EXERCISE DETAILS.
Print the listing below exactly, minus its pictures.

INPUT DATA.
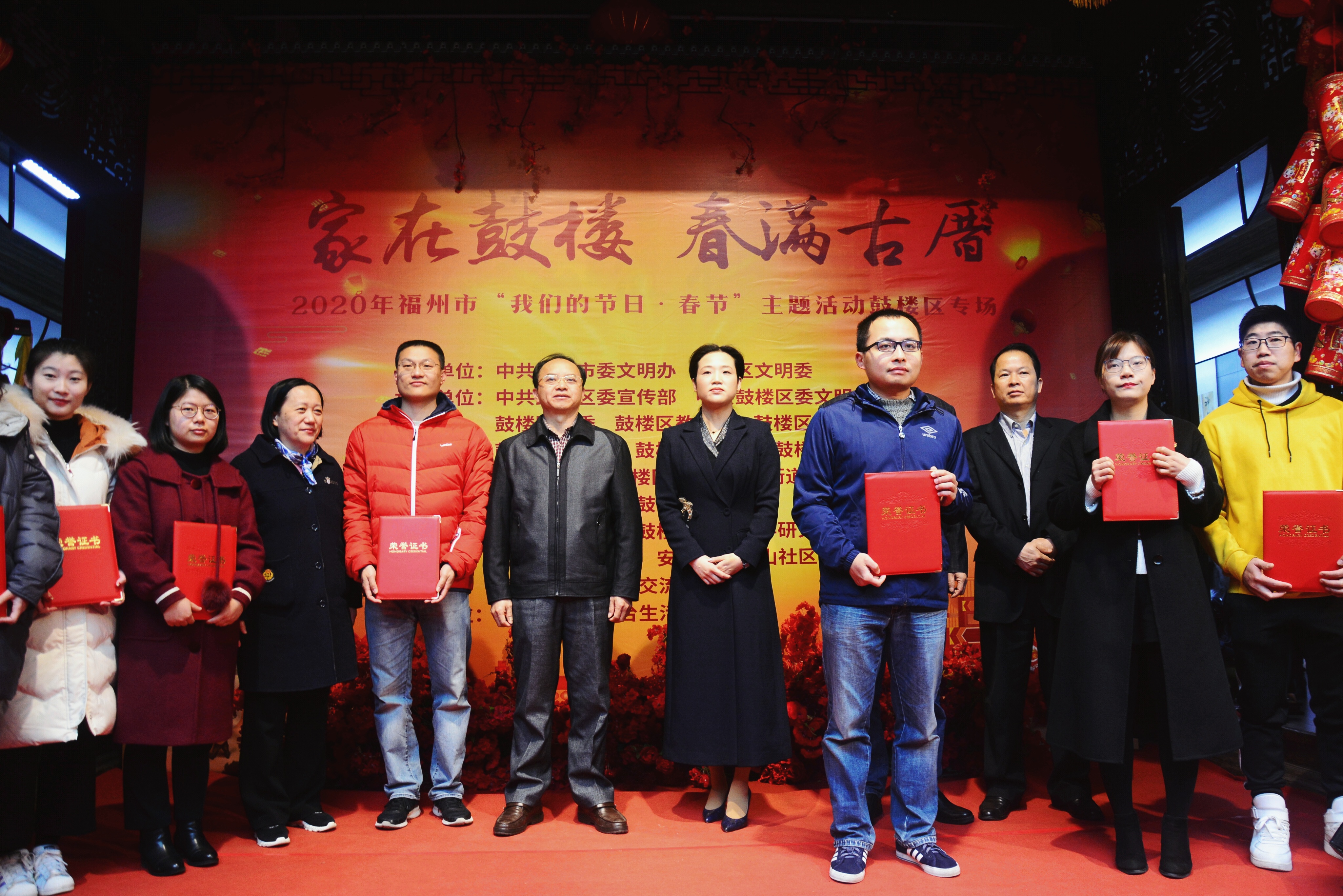 為弘揚(yáng)優(yōu)秀品格的精神力量,崇文重教的優(yōu)秀傳統(tǒng),大力培育和踐行社會主義核心價值觀,活動現(xiàn)場邀請了凡人善舉微視頻(圖片)有獎?wù)骷顒荧@獎作者代表、“讀書明星”“書香人家”代表和2019年鼓樓好人到現(xiàn)場觀禮,并由省、市、區(qū)領(lǐng)導(dǎo)為他們表彰,并獻(xiàn)上新春的慰問。
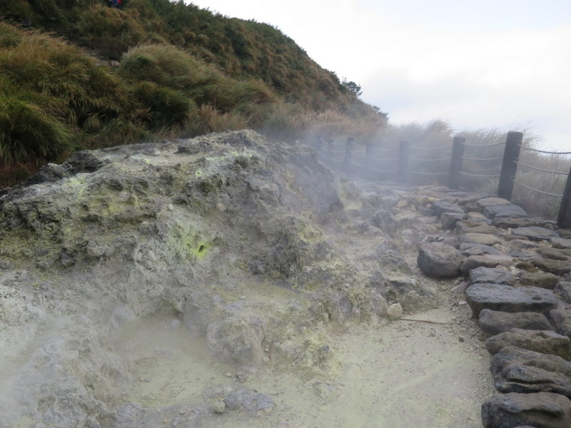 The next day, Sunday was also heavy rain, I had another day off. In the evening, the rain stopped and a cold front came along, so Monday morning was very cold, but forecast to stay dry. On Monday January 31, CNY Eve, I set off for the highest part of the trail, Section 3, from Xiaoyoukeng 小油坑 to Fengguikou 風櫃口 via Qixingshan 七星山, 1120 m. I had also done this section many many times before; it helps to know the route! It was 6.2°C at Xioayoukeng 小油坑 Visitor Centre, and 5°C up at the top of the mountains. Brrrr! Mostly it was overcast, but it stayed dry and the sun even came out a few times, though this was to be the last time I would see the sun for the rest of the week. The trail starts with the fumaroles belching sulpur fumes at Xioayoukeng 小油坑. The views were great!
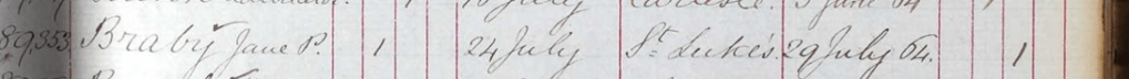 Three weeks later another entry is found in the Lunacy Register, Braby Jane P admitted on 24th July 1863 to St Lukes. She was discharged as not improved one year later 29th July 1864.

SOLUTION TO THIS TASK.
 為弘揚(yáng)優(yōu)秀品格的精神力量,崇文重教的優(yōu)秀傳統(tǒng),大力培育和踐行社會主義核心價值觀,活動現(xiàn)場邀請了凡人善舉微視頻(圖片)有獎?wù)骷顒荧@獎作者代表、“讀書明星”“書香人家”代表和2019年鼓樓好人到現(xiàn)場觀禮,并由省、市、區(qū)領(lǐng)導(dǎo)為他們表彰,并獻(xiàn)上新春的慰問。
 The next day, Sunday was also heavy rain, I had another day off. In the evening, the rain stopped and a cold front came along, so Monday morning was very cold, but forecast to stay dry. On Monday January 31, CNY Eve, I set off for the highest part of the trail, Section 3, from Xiaoyoukeng 小油坑 to Fengguikou 風櫃口 via Qixingshan 七星山, 1120 m. I had also done this section many many times before; it helps to know the route! It was 6.2°C at Xioayoukeng 小油坑 Visitor Centre, and 5°C up at the top of the mountains. Brrrr! Mostly it was overcast, but it stayed dry and the sun even came out a few times, though this was to be the last time I would see the sun for the rest of the week. The trail starts with the fumaroles belching sulpur fumes at Xioayoukeng 小油坑. The views were great!
 Three weeks later another entry is found in the Lunacy Register, Braby Jane P admitted on 24th July 1863 to St Lukes. She was discharged as not improved one year later 29th July 1864.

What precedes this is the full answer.